The government agency set up to investigate claims of human rights abuses by Canadian companies abroad wants expanded powers, the head of the watchdog said, setting up a clash with the mining industry which has fought to limit its reach.
Canada created the office in 2018 to monitor and investigate claims of abuses by Canadian firms operating abroad. The body, which looks at the mining, energy and garment sectors, was meant to have the ability to recommend sanctions against violators, including withdrawing government export funding.
But human rights lawyers and advocacy groups have questioned whether the Canadian Ombudsperson for Responsible Enterprise (CORE) has the resources and independence needed to carry out its mandate.
Ombudswoman Sheri Meyerhoffer said she would ask the new Canadian cabinet minister overseeing the office for authority to compel documents and testimony from companies and their executives.
“We could maximize our impact if we had those powers,” she told Reuters.
Its annual budget of C$1.26 million ($948,795) funds a staff of four people, Meyerhoffer said, and a system for fielding complaints against Canadian companies will not launch until next year.
Budget documents show Canada started funding the watchdog in 2017-18 and then scaled up, with a total allocation of $6.8 million over six years.
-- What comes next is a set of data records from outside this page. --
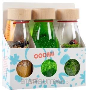 Zestaw składa się z 3 butelek sensorycznych: Float - Zielonej, obserwacyjnej - Farma oraz dźwiękowej - Biedronki.
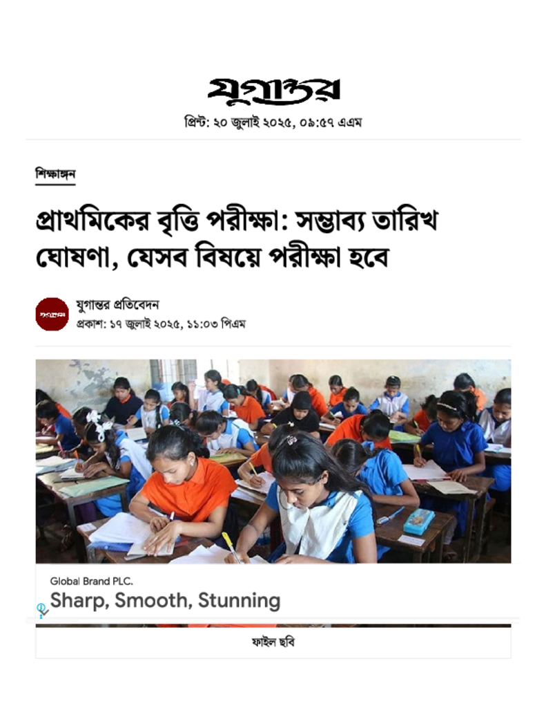 প্রাথমিকের বৃত্তি পরীক্ষা_ সম্ভাব্য তারিখ ঘোষণা, যেসব বিষয়ে পরীক্ষা হবে.pdf Published on 17 July 2025 Newspaper দৈনিক যুগান্তর Category Educational Ministry / Departments Education Ministry / Division / Directorate Download
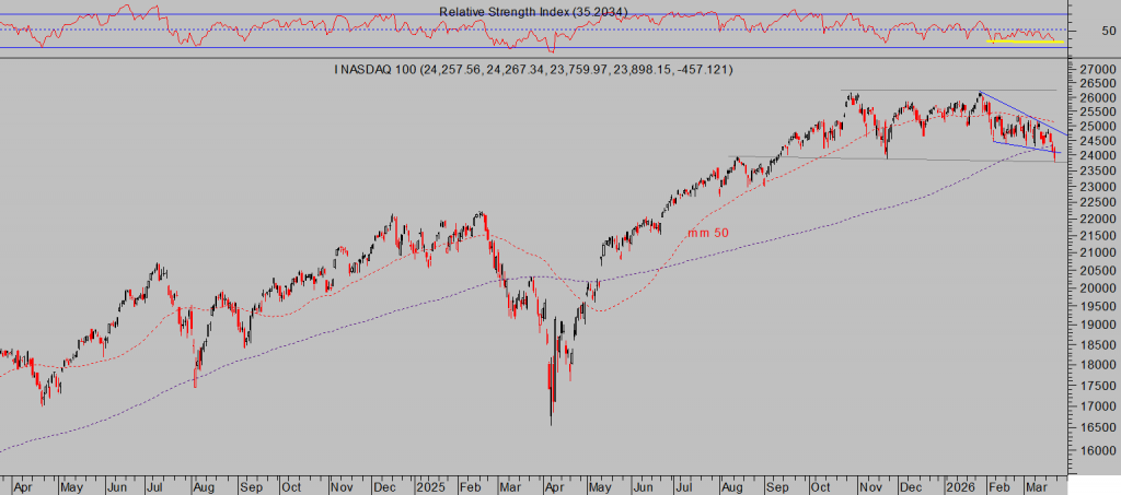 El viernes se los mercados de renta variable volvieron a topares con la gran inestabilidad e incertidumbre en Oriente Medio y subidas de precios de la energía que provocaron una nueva oleada de ventas de acciones que presionaron a los índices a la baja con firmeza, el Nasdaq se dejó un -2.01%, el SP500 un -1.51% y el Dow Jones -0.96%.

A government spokeswoman would not say if the mandate would be broadened.
Meyerhoffer’s remarks came after an ambush on Canadian miner Semafo Inc. workers’ convoy in Burkina Faso that left 39 dead. The workers had demanded safer travel arrangements in the months before the attack.
Meyerhoffer declined to comment directly on the case but said that her office would assess any complaints against Semafo should they come forward.
Canadian miners oppose the appeal for expanded powers and have lobbied against having a quasi-judicial office.
“We don’t agree that the design of an office along those lines would achieve the objectives that it’s supposed to achieve,” said Pierre Gratton, president of the Mining Association of Canada.
Non-government groups have for years called for greater oversight of Canadian mining companies abroad following a number of environmental incidents and accusations of human rights abuses, including that of forced labor at Canadian miner Nevsun Resources Ltd’s mine in Eritrea.
Nevsun, bought last year by China’s Zijin Mining Group Co Ltd, has denied the allegations.
Another case, against Hudbay Minerals Inc over alleged abuses in Guatemala, is at trial.
The CORE was meant to offer a cheaper and potentially faster alternative to provide redress for alleged harms.
Prime Minister Justin Trudeau’s government appointed Meyerhoffer, a lawyer and former oil lobbyist, to the role in April. The office has yet to take on a single case.
The watchdog “relies on companies’ goodwill to voluntarily provide information that it requires in order to do an investigation,” said Emily Dwyer, coordinator of the Canadian Network on Corporate Accountability.
“It has not been given the basic, minimum kind of mandate and tools that it would need to have any effect,” she said.